行政検査数は、保健所が忙しくなれば見かけ上がらない。今、民間検査や市販の抗原検査、都道府県の無料検査などが広がり疑わしければすぐ検査できる。検査へのハードルが下がって、無症状や警鐘でもどんどん検査して陽性判定できている。無料検査は原則発熱者は不可。つまり、無症状。それでも、毎日のように当院でも陽性が出ている。つまり、以前はPCRを受けずに感染していた人が陽性判定され診断されている可能性が高い。以前に比べ、PCRが身近になっていることは明らか。

それにしても陽性者が多い。ようやく日本もまともにPCR検査ができるようになったと思えばよいだけだと思う。軽症で隔離され、仕事ができない人たちが増えると逆に検査を受けなくなるのではないかと心配している。

今注目すべきは、重症者数と重症ベッドの利用率だろう。軽症隔離入院は、もはや意味がない段階に入ったのだろう。市中にいくらでも軽症のオミクロン株感染者が生活していると思えばよい。

忘れてはならないのは、重症化リスクの高い人たちへのワクチン接種だ。

しかし、6ヶ月よりたとえ1日でも前倒しに予防接種をやろうとすると、医師は事故報告書を提出しなければならないという縛りがあると指摘された。リスクが高い患者が感染しないように予防接種を早めると罰則はないものの事実上罰せられる。

こういうことをテレビや各種のメディアで報じてほしいものだ。

平等より、スピードだ。特に、発症後重症化するリスクが高い人への前倒し接種に対して足かせをつけるようなルールを国が作るのはどうかと思うがいかがなものか。

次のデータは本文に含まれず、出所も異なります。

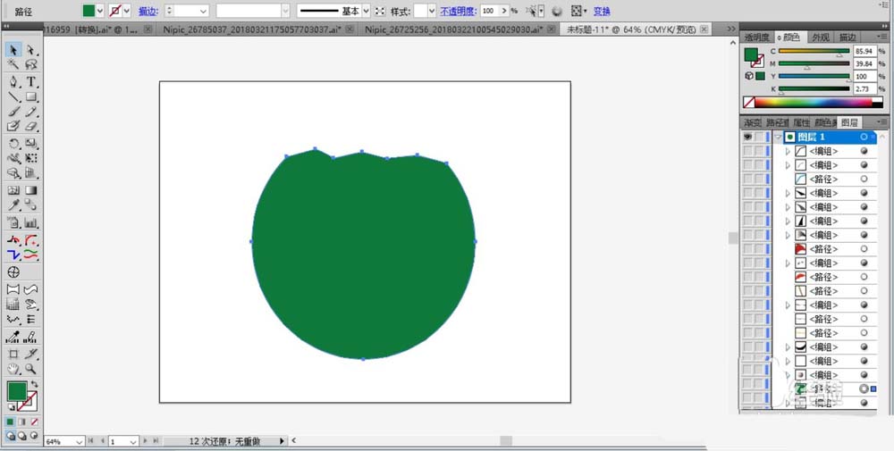 1、使用圆形工具与钢笔工具画出一个打开的椰子的形状轮廓路径并用绿色填充。

あい小児科でも、事故届を出さないために予防接種を延期せざるを得ないケースが出てきてしまった。大変残念がルール通りやるしかない。なかなか大変だが、後々どちらが良かったのかについて議論になると幸いだが、感染が落ち着いてから議論してもあまり意味がないと思う。

ワクチン接種できないのだから、だまってPCR検査を頑張るしかない。検査で軽症の陽性者を見つけることも重要だ。しかし、医療ひっ迫、病床機能不全を回避するためにできることを優先したい。